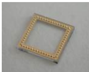
Exterior of SKe-Lid

Deep ultraviolet LEDs are a next-generation light source expected to replace mercury lamps and have various applications including water disinfection in industry and air disinfection systems in healthcare. When used in combination with quartz glass, which has high transmissivity of deep ultraviolet wavelengths, and AuSn sealant, which has excellent airtightness and durability, however, problems with cracking of the quartz glass and metallization 2 separation can occur. These glass lids, made of quartz glass with AuSn solder, employ proprietary Tanaka Kikinzoku Kogyo technologies that properly control the shape and dimensions when applying the AuSn sealant to the quartz glass, making it possible to control cracking and metallization separation. Higher yields are expected to contribute to improved productivity and lower costs.
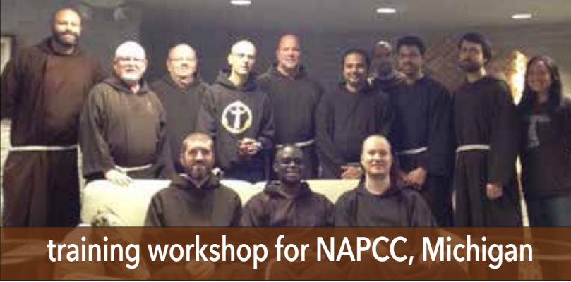
training workshop for NAPCC, Michigan
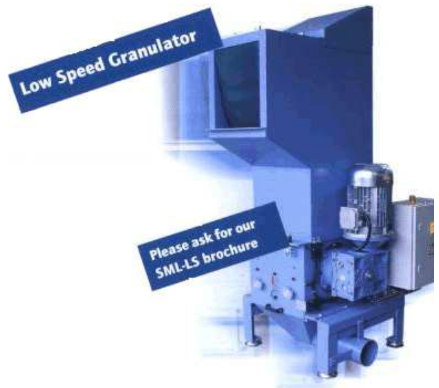
The SML granulator series exists as well as low-speed granulators (SML-LS).
-------
**Aim of the task:**
Would you repeat the material above exactly, line for line, from its first line to the line with "training workshop for NAPCC, Michigan", including both and skipping every picture?

**Response below:**
Exterior of SKe-Lid

Deep ultraviolet LEDs are a next-generation light source expected to replace mercury lamps and have various applications including water disinfection in industry and air disinfection systems in healthcare. When used in combination with quartz glass, which has high transmissivity of deep ultraviolet wavelengths, and AuSn sealant, which has excellent airtightness and durability, however, problems with cracking of the quartz glass and metallization 2 separation can occur. These glass lids, made of quartz glass with AuSn solder, employ proprietary Tanaka Kikinzoku Kogyo technologies that properly control the shape and dimensions when applying the AuSn sealant to the quartz glass, making it possible to control cracking and metallization separation. Higher yields are expected to contribute to improved productivity and lower costs.
training workshop for NAPCC, Michigan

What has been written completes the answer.